Menurut Agung, ada sedikit kesalahan teknis dari pihak Unpad yang menyebabkan beberapa dari koleganya tidak bisa menyaksikan sidang terbuka itu.
Sebagai alternatifnya, Agung menyiarkan sidang terbuka melalui platform Youtube yang ia buat sehingga teman-temannya yang tidak bisa bergabung di Google Meet itu bisa menyaksikan lewat Youtube.
“Yang menarik dari sidang itu, interaksinya tidak ada bedanya dengan kalau kita sidang secara dunia nyata, ketemu secara fisik cuma tidak bisa mendengar orang tepuk tangan dan kita juga melihatnya di layar monitor saja,” kata dia.
Disertasi soal Terorisme SiberSelain menceritakan soal pengalamannya mengikuti sidang terbuka secara online, Agung juga sempat menceritakan latar belakang mengapa ia membuat disertasi dengan pembahasan terorisme siber di media sosial.
Ia menuturkan jika berbicara soal ruang siber, ada tiga lapisan (layer) yaitu lapisan infrastruktur, logical layer, dan social layer. Sebetulnya Agung ingin membahas tiga lapisan ini tetapi sang pembimbing menawarkan untuk memilih salah satu.
“Dari pengamatan awal saya yang benar-benar nyata itu baru di lapisan ketiga, akhirnya saya melanjutkan dengan ngambil disertasi Terorisme Siber pada Media Sosial karena lapisan sosial itu platform yang digunakan adalah media sosial dan media perpesanan,” tuturnya.
“Untuk layer pertama dan kedua, itu belum ada indikasi. Penyerangan terhadap layer kedua misalkan teroris dengan kemampuannya dia bisa melihat celah kerentanan pada sistem operasi Windows, Mac, iOS, kemudian Android ada juga aplikasi yang ada di Google Store yang gratisan itu pasti ada celah kerentanannya,” lanjut Agung.

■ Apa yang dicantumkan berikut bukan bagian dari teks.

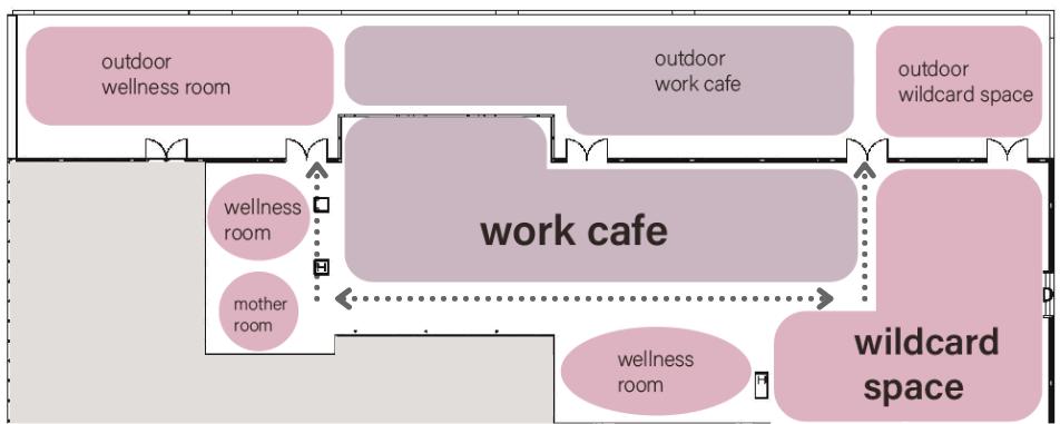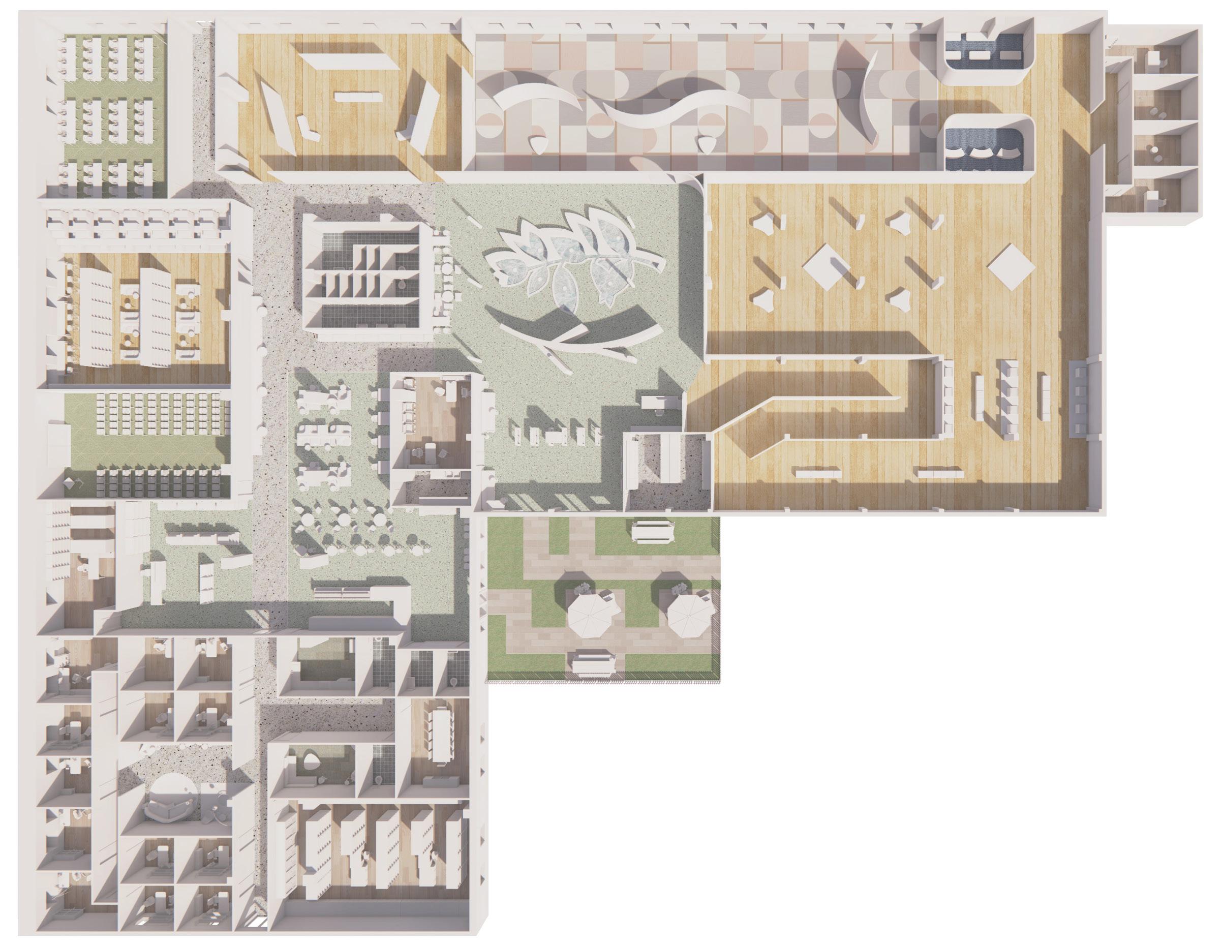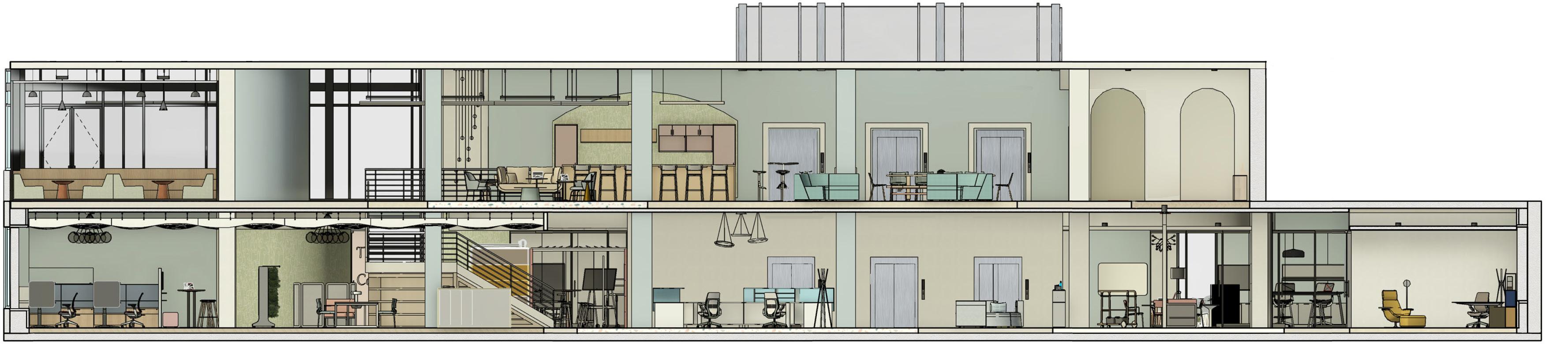 To create a fully immersive and inspiring environment, multiple senses like olfactory, tactile, and visual stimulations are spread through the space. Considering the post-pandemic influences, personal spaces, community spaces, and vitural working spaces are carefully arranged with the aid of technology.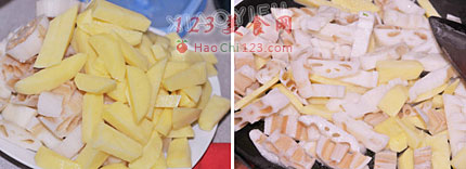 5、土豆和莲藕如果不想用油煎,可以用水焯一下。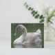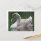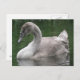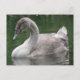 Esta postal muestra una fotografía de un hermoso cisne. El cisne es un ave juvenil, se nota por las plumas grises en la cabeza y la falta de un pico naranja. El cisne está deslizándose con gracia a través del agua en un lago tranquilo.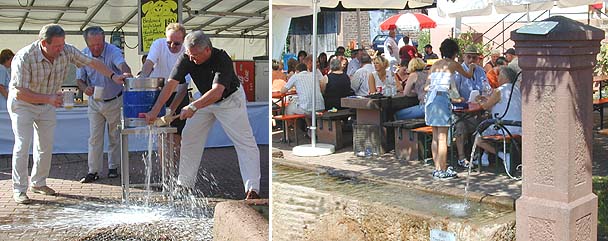 Das Bier floss in Strömen Das Bier floss beim misslungenen Fassanstich beim 20. Weisbacher Brunnerfest in Strömen. Unser Foto zeigt dabei v.l. Ortsvorsteher Reinhard Kessler, Altbürgermeister Gerhard Hauck, stellv. Bürgermeister Heinz-Dieter Ihrig und Bürgermeister Klaus Schölch. Das rechte Foto entstand auf dem Festplatz am Weisbacher Brunnen. (Fotos:Baumgartner)(tb) Wieder einmal von der Sonne verwöhnt wurde das Weisbacher Brunnenfest an diesem Wochenende. Nachdem die Jugend schon freitags den inoffiziellen Startschuss mit der 2. Weisbacher Scheunenparty feierte, eröffnete man gestern dann das 20. Brunnenfest mit dem offiziellen Fassanstich. Ingesamt hat man aus den Erlösen vom Brunnenfest rund 35.000 Euro für die Gestaltung des Bürgerhauses erwirtschaften können. Zwei durchgeführte Tombolas hätten für die neue Einsegnungshalle und das Bürgerhaus jeweils noch einmal 4.000 Euro eingebracht.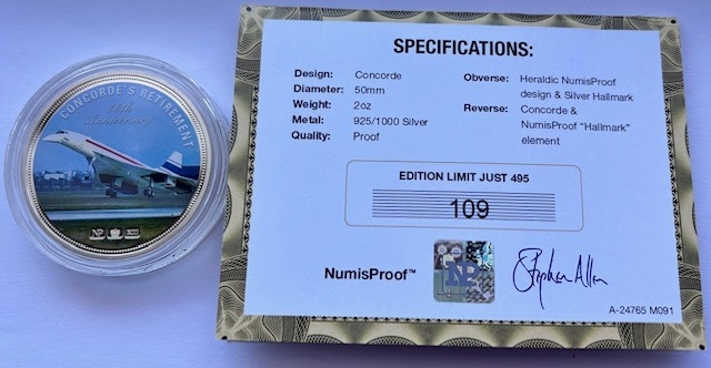 2013 Solid Silver Proof Concorde 10th Anniversary Commemorative Medallion,.925 Silver with colour print, Diameter 50mm, Weight 2oz, COA, Presentation box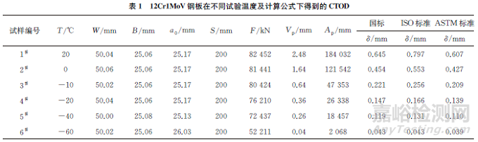 張強、徐誠等研究人員制備了同時滿足以上3個標(biāo)準(zhǔn)要求的測試試樣,按照以上3種標(biāo)準(zhǔn)規(guī)定的測試方法對同種材料在不同溫度下進(jìn)行斷裂韌性測試,再根據(jù)以上3個標(biāo)準(zhǔn)規(guī)定的計算公式進(jìn)行CTOD計算,并對測試結(jié)果進(jìn)行比較分析,判斷其中的差異,為工程實際應(yīng)用提供依據(jù)。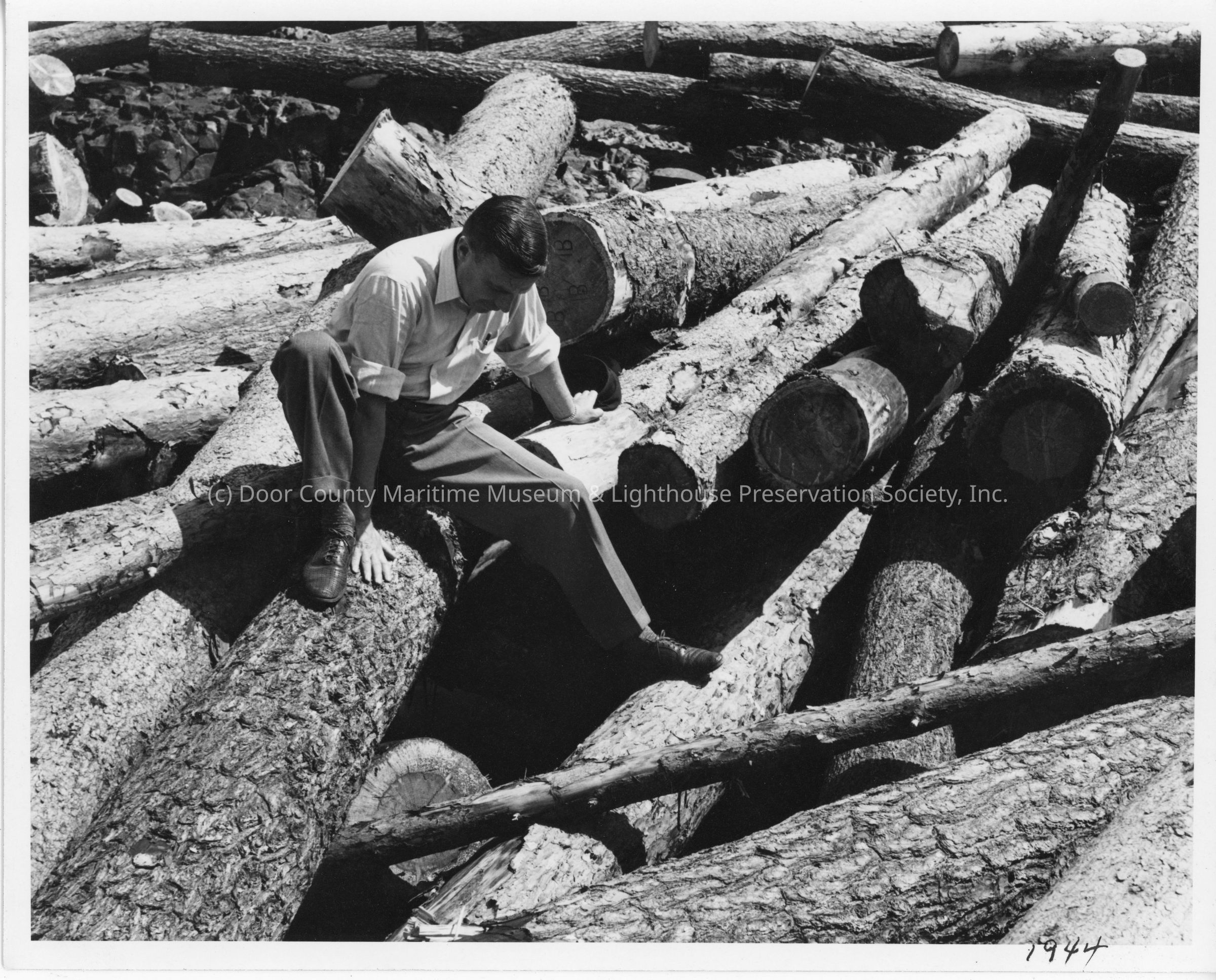 Man in dress clothes sitting on a pile of logs 1944

Sementara untuk lapisan infrastruktur, biasanya teroris menyerang IP Address, nama domain. Lalu targetnya adalah infrastruktur kritis seperti perbankan, PLN, dan lainnya.
Menurut pengakuan pria yang juga bekerja di Badan Siber dan Sandi Negara (BSSN) ini, saat ia melakukan penyamaran agar bisa masuk grup teroris di Telegram, pendanaan dilakukan melalui layanan e-commerce dan dompet elektronik.
Mereka memanfaatkan layanan e-commerce karena perusahaan tidak memperketat keamanan proses jual beli yang ada di platform mereka.
“Misalnya saya pasang iklan jual kulkas 5 juta, tapi yang beli itu memang orang yang akan menyumbang ke dia, sudah ada komunikasi tertutup sebelumnya. Ini kode barangnya, dia transfer ke sana 5 juta, barangnya dikirim atau tidak kan bukan urusannya e-commerce,” terangnya.
“Apalagi virtual money, sudah ada e-wallet, bitcoin. Ini masalah kita masalah ke depan juga. Ada keterlibatan Bank Indonesia dan Otoritas Jasa Keuangan dalam hal ini, pelik permasalahannya karena teknologi yang makin cepat ini,” sambung Agung.
Apalagi kata Agung, PPATK (Pusat Pelaporan dan Analisis Transaksi Keuangan) tidak bisa mendeteksi transaksi dengan jumlah kecil atau di bawah puluhan juta.